Storage Price Discovery: It is expected that nodes will pay for the continuous storage of files.

3.2 Data Storage and Replication

As mentioned just now, Filecoin and Crust use IPFS as the network protocol and communication layer to transfer files between peers and store them on nodes. The difference is that Filecoin uses erasure coding (EC) to achieve scalability of data storage. Erasure coding (EC) is a data protection method that divides data into fragments, extends and encodes redundant data blocks, and stores them in different locations such as disks, storage nodes, or other geographical locations. EC creates a mathematical function to describe a set of numbers, allowing their accuracy to be checked and recovered in case one of the numbers is lost.

Source: usenix

The basic equation is n=k+m, where the total data blocks equal the original data blocks plus the parity blocks.

Calculate m parity blocks from k original data blocks. Store these k+m data blocks on k+m hard disks, and it can tolerate any m hard disk failures. When a hard disk failure occurs, as long as any k surviving data blocks are selected, all the original data blocks can be calculated. Similarly, if the k+m data blocks are dispersed among different storage nodes, it can tolerate m node failures.

When new data needs to be stored on the Filecoin network, users must connect to a storage provider through the Filecoin storage market, negotiate storage terms, and then place a storage order. At the same time, users must decide which type of erasure code to use and the replication factor. Through erasure coding, data is broken down into fixed-size fragments, each fragment is expanded and encoded with redundant data, so only a subset of the fragments needs to be reconstructed to restore the original file. The replication factor refers to how long the data should be replicated to more storage sectors of storage miners. Once the storage miners and users reach an agreement on the terms, the data will be transmitted to the storage miners and stored in their storage sectors.

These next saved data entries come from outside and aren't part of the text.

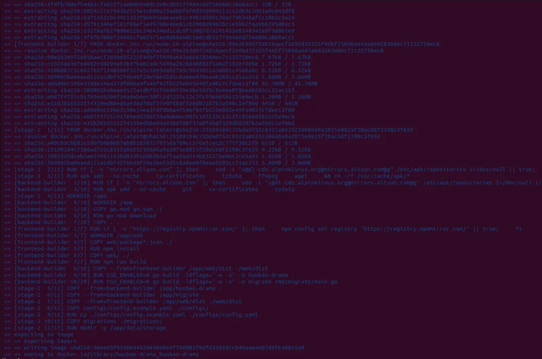 前面我们介绍了oii来生成短剧,效果确实不错,但是其营销和manus一样,采用邀请码的方式进行,因此很多用户因为这个无法体验,目前也商业化了,可能人数上来了,每天的费用不低,哈哈,我也理解。但是别着急,今天我给大家介绍一个开源免费、支持私有化部署的短剧生成平台--火宝短剧平台。火宝是一个基于 AI 的短剧自动化生产平台,实现从剧本生成、角色设计、分镜制作到视频合成的全流程自动化。嘿嘿,如果你是视频创作者,那这简直是你的福音呀,还等什么,赶紧动起来。角色管理 : AI 生成的角色肖像 、批量角色生成、角色图片上传与管理;故事板制作:自动生成故事板脚本、场景描述和镜头设计、故事板图像生成(文生图)、帧类型选择(第一帧/关键帧/最后一帧/面板);视频生成:自动图像转视频生成、视频构图和剪辑、过渡效果;资产管理:统一资产管理、本地存储支持、资源导入/导出、任务进度跟踪。现在我们按照官方的步骤部署,这里我们采用最简单的方式,docker部署。# Enable Docker Hub mirror (recommended)DOCKER_REGISTRY=docker.1ms.run/# Enable npm mirrorNPM_REGISTRY=https://registry.npmmirror.com/# Enable Go proxyGO_PROXY=https://goproxy.cn,direct# Enable Alpine mirrorALPINE_MIRROR=mirrors.aliyun.com
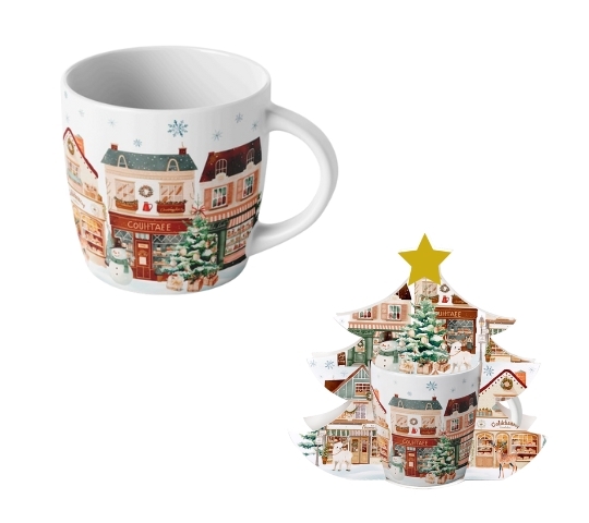 Porcelánový hrnek VÁNOČNÍ MĚSTO 2, 400 ml v papírovém košíku ve tvaru stromečku
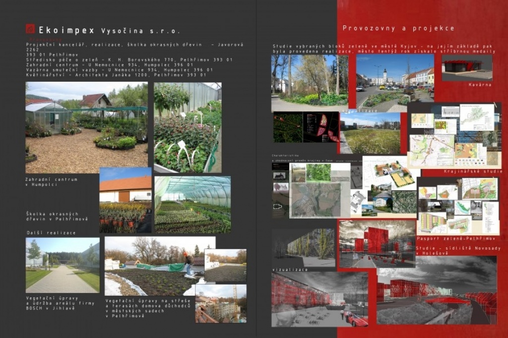 a zakládání zeleně, krajinářská tvorba a jiné služby poskytované v oblasti zemědělství a zahradnictví jsou náplní firmy Ekoimpex s. r. o. Specializujeme se na zakázky u kterých vypracujeme projektovou dokumentaci, provedeme inventarizaci dřevin, dendrologický průzkum, následně vše zrealizujeme a pak poskytujeme údržbu. Kromě jiného se zabýváme službami ohledně regenerace a úprav zeleně, veřejné zeleně, upravíme Vaši zahradu, nebo vybudujeme různá jezírka. Dále dodáváme veškerý rostlinný materiál a provádíme ošetřování stromů.
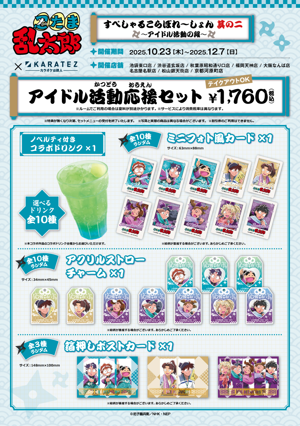 開催店舗 | カラオケの鉄人 池袋東口店 / 渋谷道玄坂店 / 秋葉原昭和通り口店 / 福岡天神店 / 大阪なんば店 / 名古屋名駅店 / 松山銀天街店 / 京都河原町店 ※福岡天神店『ROOM.4』、名古屋名駅店、松山銀天街店『ROOM.2』は~11月23(日)までの実施となります。 |
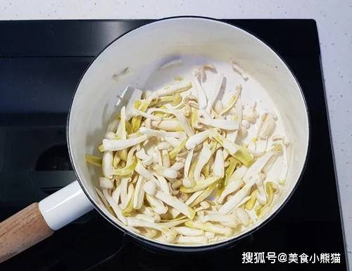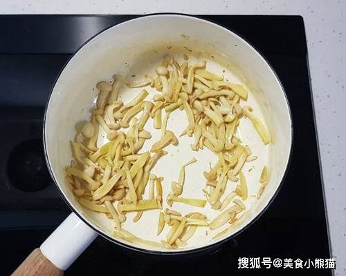 5、炒約5分鐘,至雪白菇縮水,表面呈現微黃。
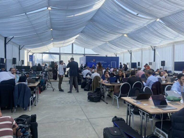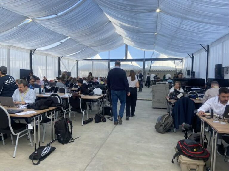 Στην Μαρίνα Αγίας Νάπας όπου θα παρατεθεί απόψε το Άτυπο Δείπνο έχει στηθεί Κέντρο Τύπου στα πρότυπα των Συνόδων του Ευρωπαϊκού Συμβουλίου στις Βρυξέλλες, με τελευταίας τεχνολογίας εξοπλισμό για τη διευκόλυνση όλων των αναγκών των λειτουργών του Τύπου.
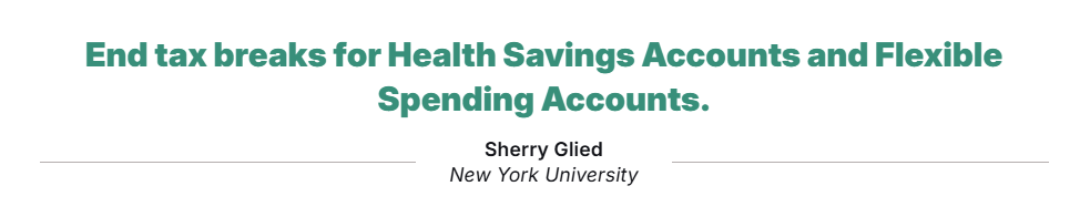 Nearly one-quarter of Americans with private health insurance get an extra break on their health spending by holding a tax-favored savings account, generally a Health Savings Account or Flexible Spending Account. These tax breaks are inequitable and inefficient, and their knock-on effects inhibit the effective functioning of a competitive health care market. Get rid of them! Benefits from savings accounts are greatest for people in high marginal tax brackets who have ample funds to set aside for future expenses. They do nothing to make care more affordable for most Americans. These breaks turn the logic of insurance design encouraging people to be deliberate in the initiation of care while protecting them against high expenses upside down. Instead of protecting people from high costs, they offer discounts on the first dollar of care and for entirely discretionary purchases such as eyeglasses, vitamins, and, most recently, fancy treadmills and Oura Rings. In doing so, they drive up insurance premiums. Finally, these accounts subsidize the provision of medical services outside insurance networks. Because plans representing millions of members are far more effective negotiators than individuals, subsidizing that care undermines price discipline across the market.

Crust’s data storage method is different, they replicate the data to a fixed number of nodes: when a storage order is submitted, the data is encrypted and sent to at least 20 Crust IPFS nodes (the number of nodes can be adjusted). On each node, the data is divided into many smaller fragments, which are hashed into a Merkle tree. Each node retains all the fragments that make up the complete file.

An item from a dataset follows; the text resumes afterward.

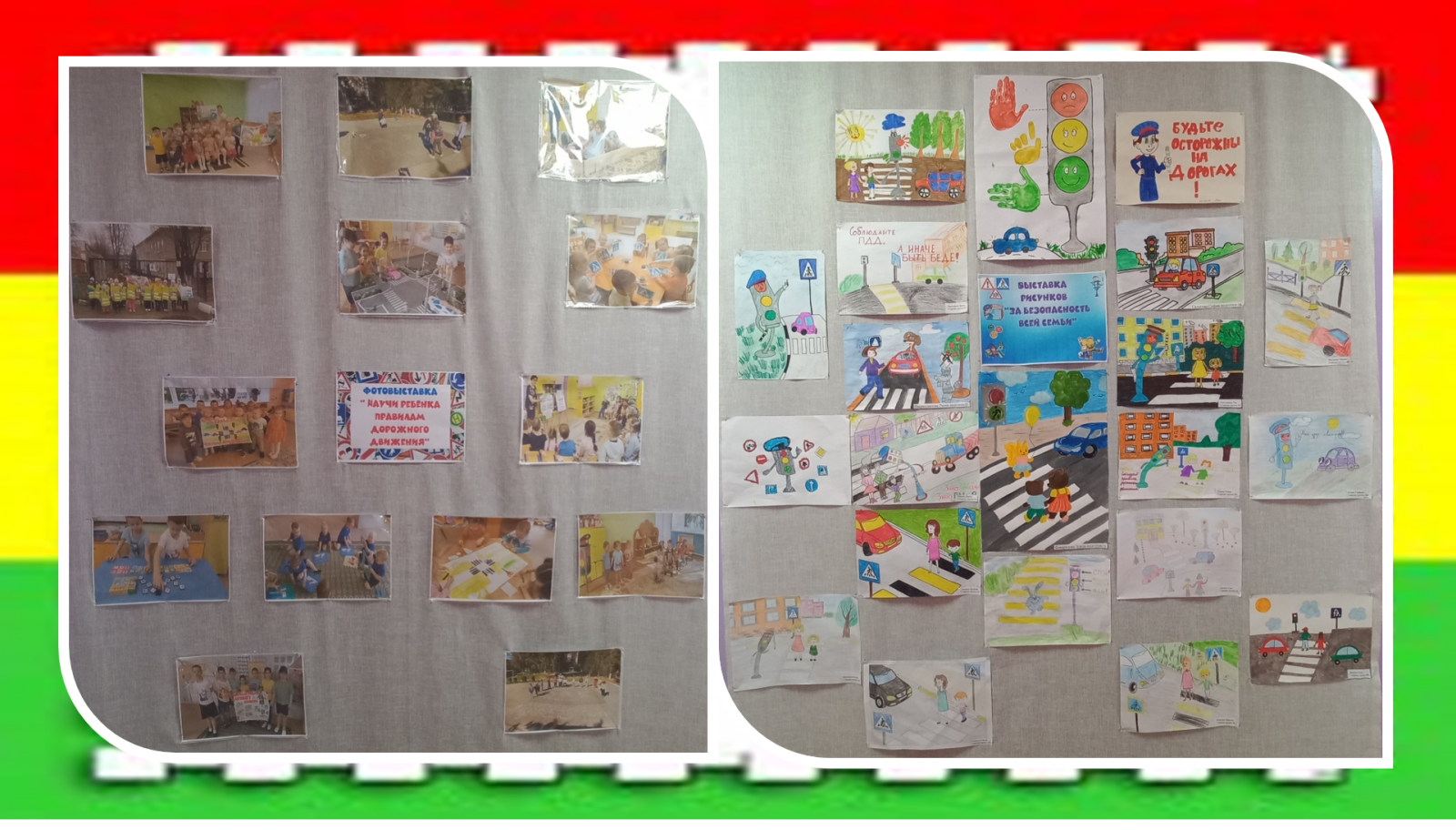 В нашем детском саду ведется систематическая работа по обучению воспитанников правилам дорожного движения. В рамках оперативно – профилактического мероприятия «Осенние каникулы» организована выставка рисунков «За безопасность всей семьей!» и фотовыставка «Научи ребенка правилам дорожного движения». Дети в своих рисунках совместно с родителями отразили самые распространенные ситуации, связанные с правилами дорожного движения. Рисунки получились правдивые, простые. А фотовыставка собрала яркие фотографии детей, демонстрирующие важность соблюдения ПДД детьми совместно с педагогами. Среди представленных снимков были кадры, показывающие юных участников дорожного движения, ожидающих зелёный сигнал светофора на переходе, знакомящихся с дорожными знаками и правильно пересекающих проезжую часть. Фотовыставка и выставка рисунков оставит глубокий отпечаток в памяти детей и послужит важным уроком для всей нашей детской и взрослой аудитории. Соблюдение простых правил помогает защитить жизнь и здоровье наших малышей!
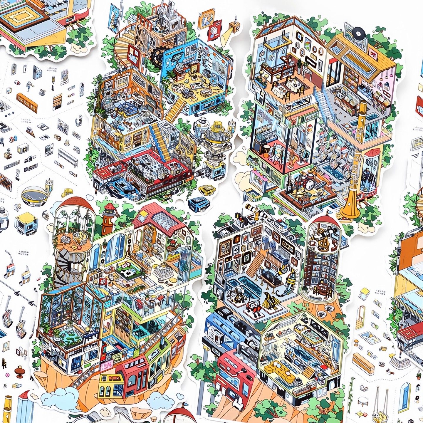 造景贴纸微缩场景贴纸合集本diy手账贴纸新款装饰贴画儿童女孩益智玩具网红3d微缩小屋男孩立体贴纸书礼物

Arweave also uses full-file replication, but Arweave uses some different methods. After a transaction is submitted to the Arweave network, the first single node stores the data as a block on the blockweave (Arweave’s blockchain representation). From there, a very aggressive algorithm called Wildfire ensures that the data is quickly replicated on the network, because in order for any node to mine the next block, they must prove that they can access the previous block.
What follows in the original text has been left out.